Screening and Diagnosis
GGM cases amount to a few hundred worldwide and present with diarrhea since birth and failure to thrive. Since this clinical picture overlaps that of intestinal disaccharidase deficiency, the diagnosis is also based on family history and laboratory investigations, including blood glucose and galactose levels and hydrogen breath test after a load of glucose or galactose. Small-intestinal biopsy, histology, and small-intestinal enzyme assays are documented in various GGM studies. Prenatal diagnosis using EcoRV restriction digestion has been performed in two pregnancies in a consanguineous family.
Treatment and Therapy
The therapy of GGM consists of the removal of glucose, galactose, and complex sugars containing glucose and galactose units from the diet. The diarrhea disappears immediately after the offending sugars are eliminated. In the GGM infant formula, fructose has been successfully used as a substitute sugar. Lifelong sugar substitution (fructose and xylose are well absorbed) allows the child to thrive and to lead a normal life as an adult.
Prevention and Outcomes
There is no effective means of prevention for GGM. Genetic counseling should always be available for the kin of a GGM patient. Newborns with GGM grow and thrive if the offending sugars are eliminated. In some cases, tolerance to glucose may slightly improve with age. Neither the condition nor the lifelong dietary precautions seem to have negative effects on GGM subjects throughout adulthood.
Bibliography
Genetics Home Reference. "Glucose Galactose Malabsorption." Genetics Home Reference. US NLM, 21 July 2014. Web. 24 July 2014.

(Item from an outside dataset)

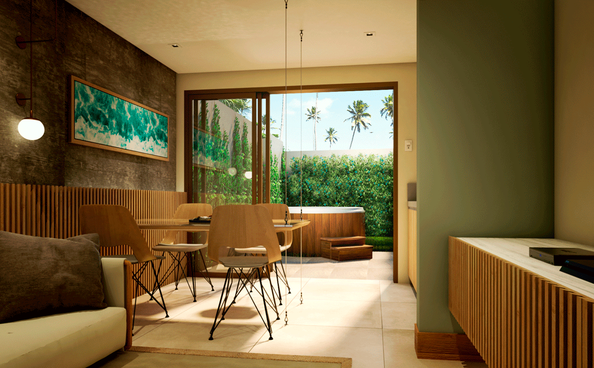 Localizado à beira-mar de Porto de Galinhas, ao lado do Enotel, este empreendimento oferece lazer no segundo pavimento, incluindo playground e espaço infantil, depósitos privativos, bicicletário, piscina com vista panorâmica, e uma loja de conveniência integrada.

National Center for Biotechnology Information. "Glucose Galactose Malabsorption." Genes and Disease. Bethesda: NCBI, 1998–. NCBI Bookshelf. NCBI, 15 July 2014. Web. 24 July 2014.
Pomin, Vitor H. Galactose: Structure and Function in Biology and Medicine. New York: Nova, 2014. Digital file.
Vallaeys, L., et al. "Congenital Glucose-Galactose Malabsorption: A Novel Deletion within the SLC5A1 Gene." European Jour. of Pediatrics 172.3 (2013): 409–411. Digital file.
Wright, Ernest M. “Genetic Disorders of Membrane Transport: I. Glucose Galactose Malabsorption.” American Journal of Physiology, Gastrointestinal Liver Physiology 275 (1998): G879–G882. Print.
Wright, Ernest M., Bruce A. Hirayama, and Donald F. Loo. “Active Sugar Transport in Health and Disease.” Journal of Internal Medicine 261 (2007): 32–43. Print.
Wright, Ernest M., Martin G. Martin, and Eric Turk. “Familial Glucose-Galactose Malabsorption and Hereditary Renal Glycosuria.” The Metabolic and Molecular Bases of Inherited Disease. Ed. Scriver, Charles R., et al. 8th ed. New York: McGraw, 2001: 4891–4908. Print.